“Nothing wrong with assertiveness,” Grunted my father chewing a large lump of rump steak. He and my mother were celebrating their thirtieth wedding anniversary with me at a small but expensive continental restaurant. Waiters swished by, crisp in their black and white uniforms, men in suits sat murmuring to women wearing designer labels and the neck of the champagne bottle chilling in an ice bucket pointed my way.
Strangely I felt as though I had been here before, but I hadn’t. I sat self-consciously hoping no one would want to inspect the label in my dress to see if I might be an imposter in this place.
“Too many young men are rather wishy-washy to my mind these days. This Digby fellow sounds like he knows what he’s about.”
I rolled my eyes. “He’s a creepy freak, that’s what he is.”

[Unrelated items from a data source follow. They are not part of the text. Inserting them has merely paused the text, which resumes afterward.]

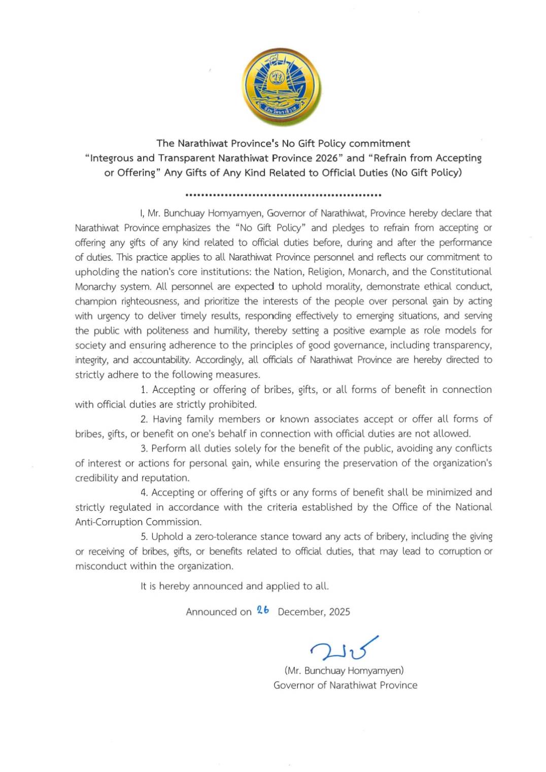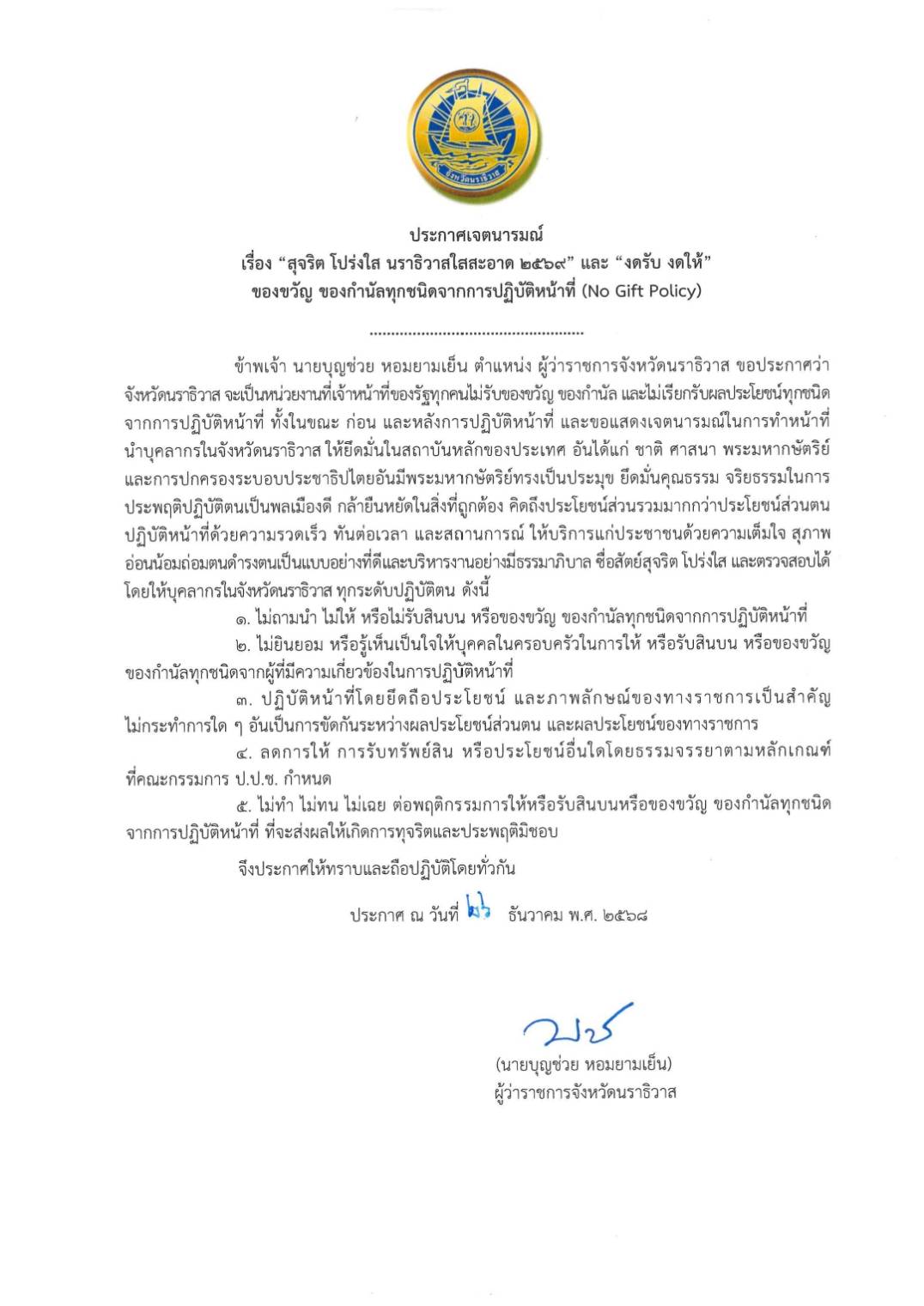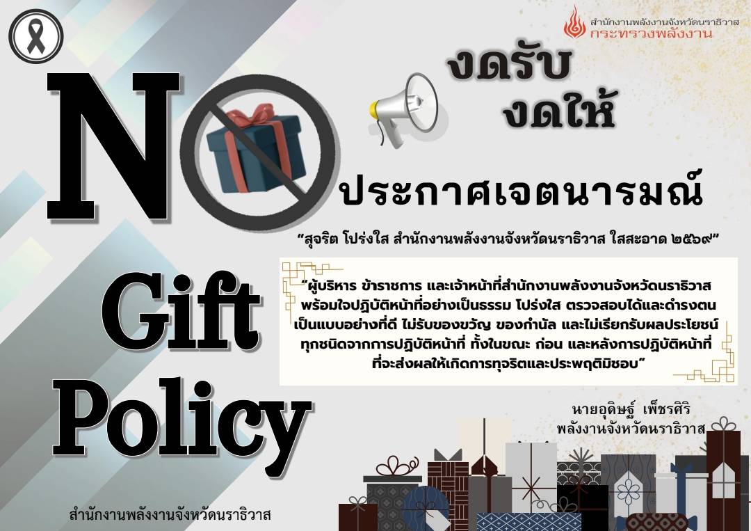 “ผู้บริหาร ข้าราชการ และเจ้าหน้าที่สำนักงานพลังงานจังหวัดนราธิวาส พร้อมใจปฏิบัติหน้าที่อย่างเป็นธรรม โปร่งใส ตรวจสอบได้และดำรงตน เป็นแบบอย่างที่ดี ไม่รับของขวัญ ของกำนัล และไม่เรียกรับผลประโยชน์ ทุกชนิดจากการปฏิบัติหน้าที่ ทั้งในขณะ ก่อน และหลังการปฏิบัติหน้าที่ ที่จะส่งผลให้เกิดการทุจริตและประพฤติมิชอบ”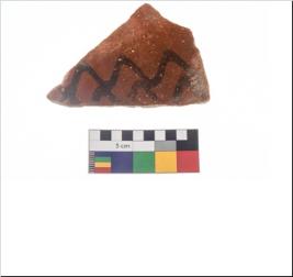 | Description / विवरण | Specimen of potsherd with black decorative geometric painting . |
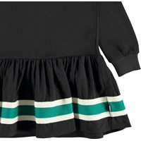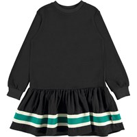 Carmen is a black dress that has a little skirt with green and white stripes at the bottom. It has long sleeves and is incredibly soft.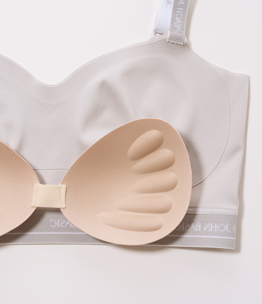 ・左右をつなげたパッド入り。脇側にほんのり厚みがあり、ナチュラルな丸みに整える。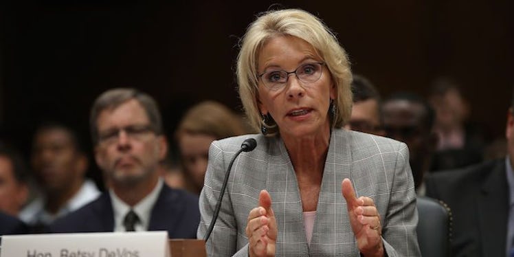 Secretary of Education Betsy DeVos, who was nominated by President Donald Trump, gave remarks on Thursday, Sept. 7 about her plans for Title IX, the landmark law that protects students from gender discrimination. Specifically, DeVos spoke about how she plans to change the government's Title IX work when it comes to sexual violence. But DeVos' Title IX speech got a major concept about sexual violence wrong, and we have to talk about it.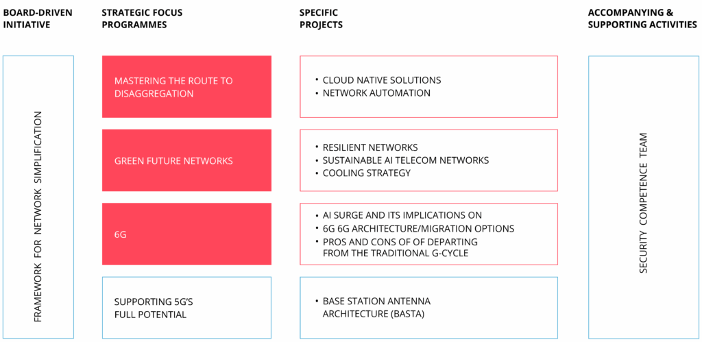 - evaluates and drives technology evolution toward 5G’s full implementation and within the three Strategic Focus Topics: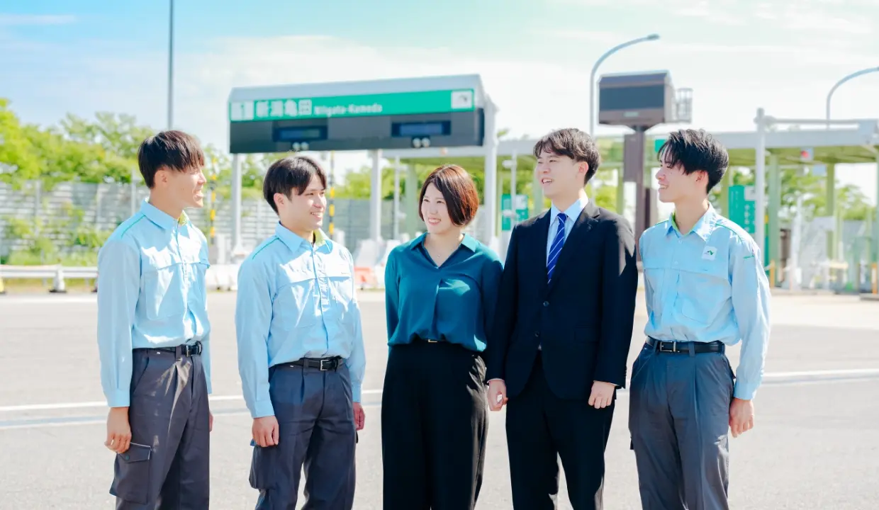 新潟と全国を結ぶ高速道路をそれぞれの部署で守り続けている、若手社員5名が集結。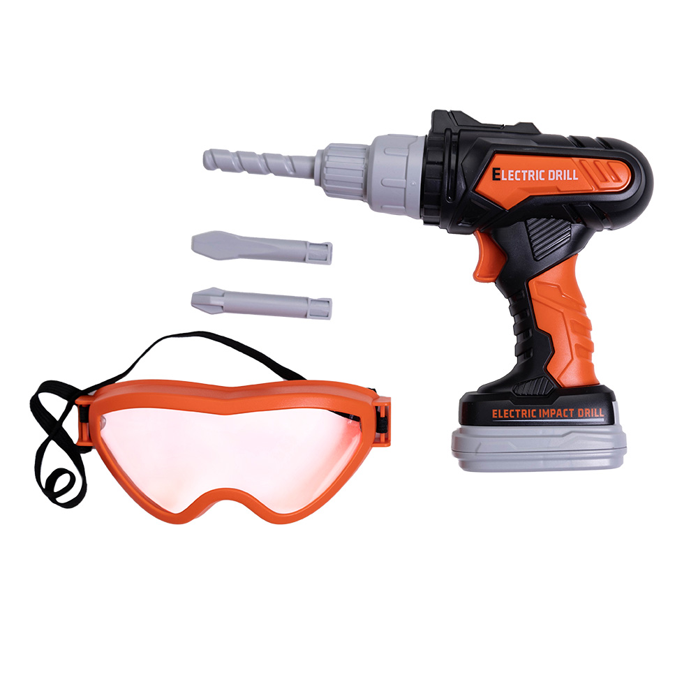 Wiertarko-wkrętarka na baterie z różnymi końcówkami oraz okularami ochronnymi. Wymagane baterie - 2xAA (niedołączone).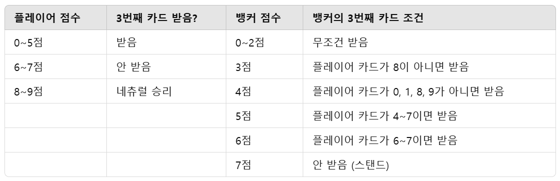 8 또는 9가 나오면 즉시 게임 종료 (네츄럴 승리)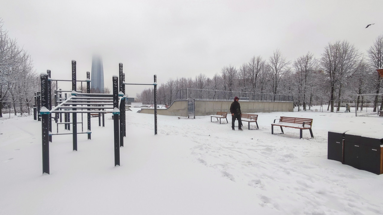 На изображении показана спортивная зона в городском парке, включающая уличные тренажёры или воркаут-конструкции и бетонные элементы скейтпарка, частично покрытые снегом. На заднем плане заметен высокий современный небоскрёб, частично скрытый облачностью, по форме сопоставимый с башней-небоскрёбом. По периметру видны деревья, лавочки и прогулочная зона. Покрытие площадки снежное, что показывает эксплуатацию территории в холодный сезон. Такая фотография подходит для иллюстраций публикаций о развитии городской среды, спортивной инфраструктуры и доступности общественных пространств в зимних условиях.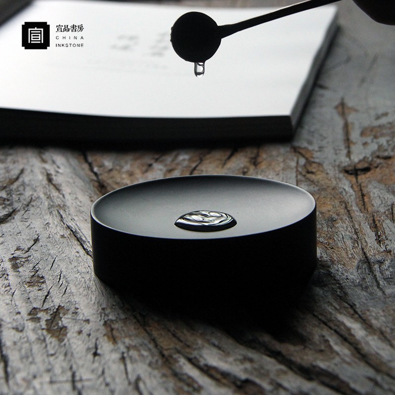 砚台高档文房四宝安徽宣砚天然原石圆形带盖书法国画小楷专用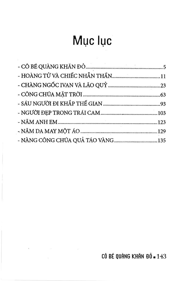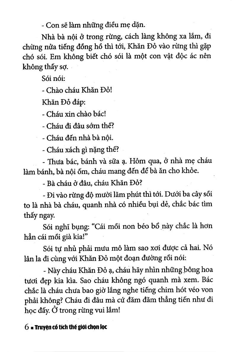 Truyện Cổ Tích Thế Giới Chọn Lọc - Cô Bé Quàng Khăn Đỏ kể về ngày xửa ngày xưa, có một cô bé rất là ngoan ngoãn ai cũng yêu mến nhất là bà, bà tặng cho cô bé một chiếc khăn màu đỏ. Cô bé thích lắm ngày nào cũng quàng chiếc khăn, nên mọi người thường gọi cô là "cô bé quàng khăn đỏ". Một hôm, bà Khăn Đỏ bị ốm, mẹ dặn Khăn Đỏ mang bánh và trái cây đến cho bà. Nhưng Khăn Đỏ lại có tính ham chơi nên đã quên bẵng đi lời mẹ dặn không đi thẳng mà lại đi đường vòng...

“That’s what your mother here thought of me until I wooed her with a trip to see Rudolf Nureyev in action.”
I stared at him, “You took her to see Rudolf Nureyev?”
“Only at the cinema dear, don’t get excited.” My mother sounded weary.
I decided to change the subject. “Aunty Clara took me out for lunch the other day, she looks awful.”
“More champagne madam?” a waiter hovered.
“Yes please,” My mother took a large gulp the moment her glass bubbled to the brim. “How did Clara look?”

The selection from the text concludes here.